Just click on this link and see what you get:
<http://duckduckgo.com/?q=the+world%27s+oldest+civilization>

Google has been around for 15 years. They come from a country that is 230
years old -- and is dying.

People aren't rational. People do stupid stuff all the time and while I agree
that putting people in prison for talking about stuff is harsh (the U.S. does
it too), china must keep much worse things from happening to protect the
_lives_ of over a _billion_ people.

They've been doing it successfully for thousands of years and it seems quite
arrogant and ignorant to suggest that it is a good idea for some punk from
across the pond to set the level of discourse necessary for China to continue
operating effectively.

If you want to see what "open communication" provides, just look at the U.S.
Did open communication stop an illegal war in Iraq? Did it prevent the
destruction of our 200 year old constitutional rights? Did it stop a dotcom
bubble or a housing bubble or a gold bubble? Has it promoted a study of
history or learning or _rational thought_? No.

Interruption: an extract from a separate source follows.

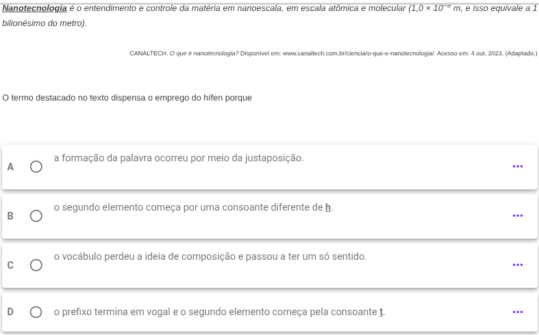 Nanotecnologia é entendimento e controle da matéria em nanoescala, em escala atômica e molecular e isso equivale a 1 do metro). CANALTECH que é nanotecnologia? Disponível em: em: 4 out 2023. (Adaptado.) O termo destacado no texto dispensa emprego do hifen porque a formação da palavra ocorreu por meio da A ... segundo elemento começa por uma consoante diferente de h. B ... vocábulo perdeu a de composição e passou a ter um só sentido C ... D O prefixo termina em vogal e O segundo elemento começa pela consoante ...

It is really beyond me why people from America, one of the biggest pilferers
in the world, murderers in the world, and _secretive organizations_ in the
world would expect that increasing anything in china the way google is trying
to do will lead to something good. It hasn't led to something good in the U.S.
It's led to misery, suffering, and global catastrophe.

China is going to squash google like the little bug they are.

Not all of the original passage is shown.